I’ve seen this comment or similar many times on HN, and I wonder if it’s a result of the kinds of companies people work for.

If you’re in a “boring” industry, it’s completely infeasible to hire a 24/7 dev team just to cover on-call. Doubly so if on-call requires physical access or security clearance.

If you’re at some multinational big tech firm, sure, I can see how it makes sense to geographically distribute the team so that there’s no “out of hours” support. For the rest of the industry it’s a non-starter.

On the other hand, a "boring" industry doesn't generate 4-5 on call events per week for just one team.
Or alternatively just shut down at 5 like a normal business. Can't be open 24/7 without fully staffing 24/7.
Realistically, lots of parts of capitalism never sleep, and having outages at night still costs lots of money, astronomical amounts if there was no one there to fix it.
If you are open 24/7 you should be staffed 24/7.

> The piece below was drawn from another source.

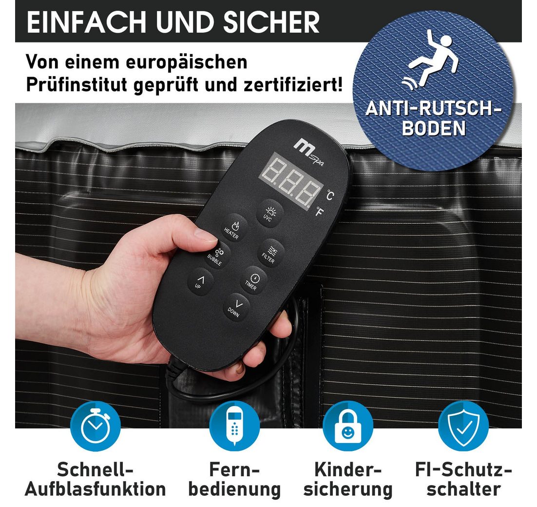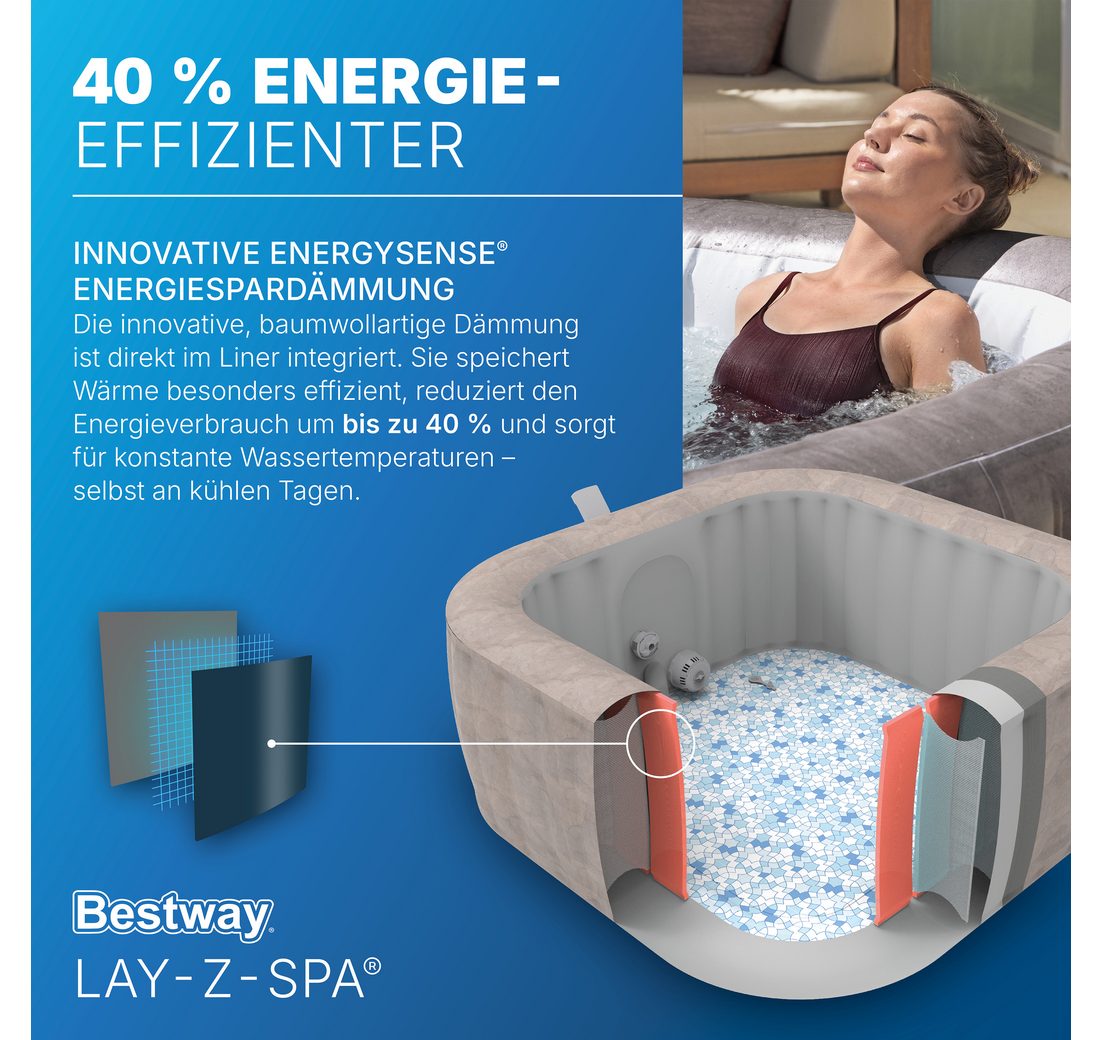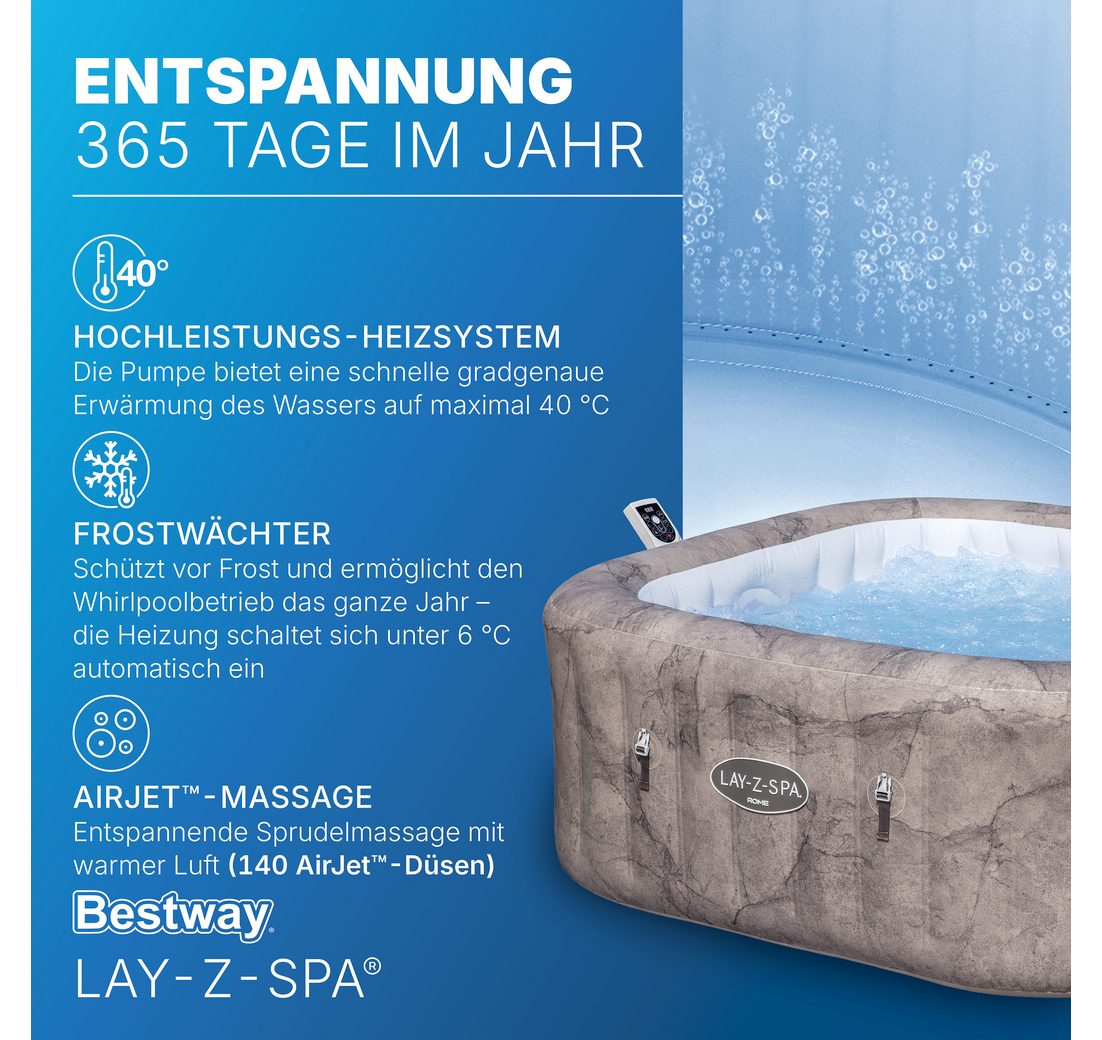 - Effektive Massage: Über 110 Luftdüsen bieten eine aufregende Sprudelmassage im 40°C warmen Wasser.
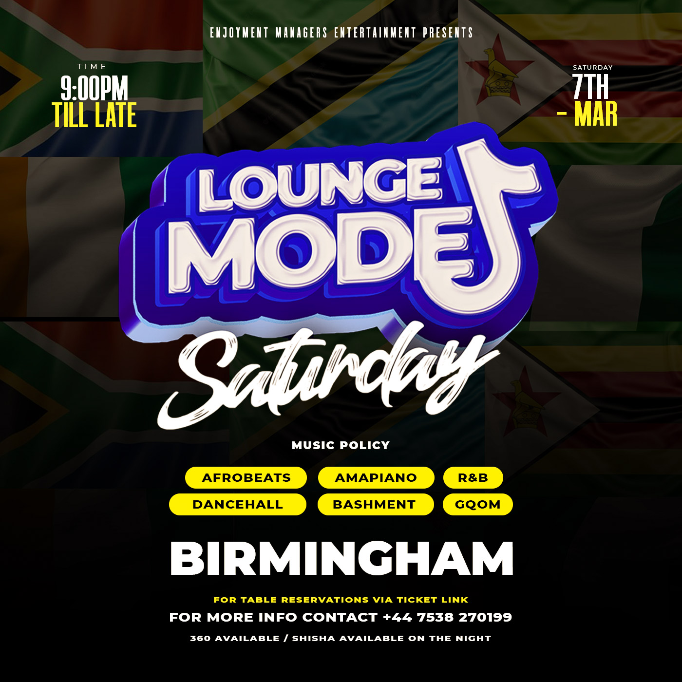 Come party with your fav Hosts and MC’s for entertainment - also includes your favourite DJs playing The Best of Afrobeats and International hits Amapiano, GRM Daily throwbacks, Zimdancehall, HipHop, Gqom, RnB and Bashment !

They are not "no-call" they are the night shift.

This. Even Burger joints have shifts so that they are operational 24/7.
Hardly any of them anymore since the pandemic. Our local McDonald's used to be 24x7 now they close at 2200. Nobody will work later than that anymore, at least not for a wage that can be covered by the amount of sales at those hours.
I came here to say this but for a different reason.

Have a mature enough development process and pipeline that production deployments are repeatable and predictable at any time.

Bake testing into the procedure.

What about weekends?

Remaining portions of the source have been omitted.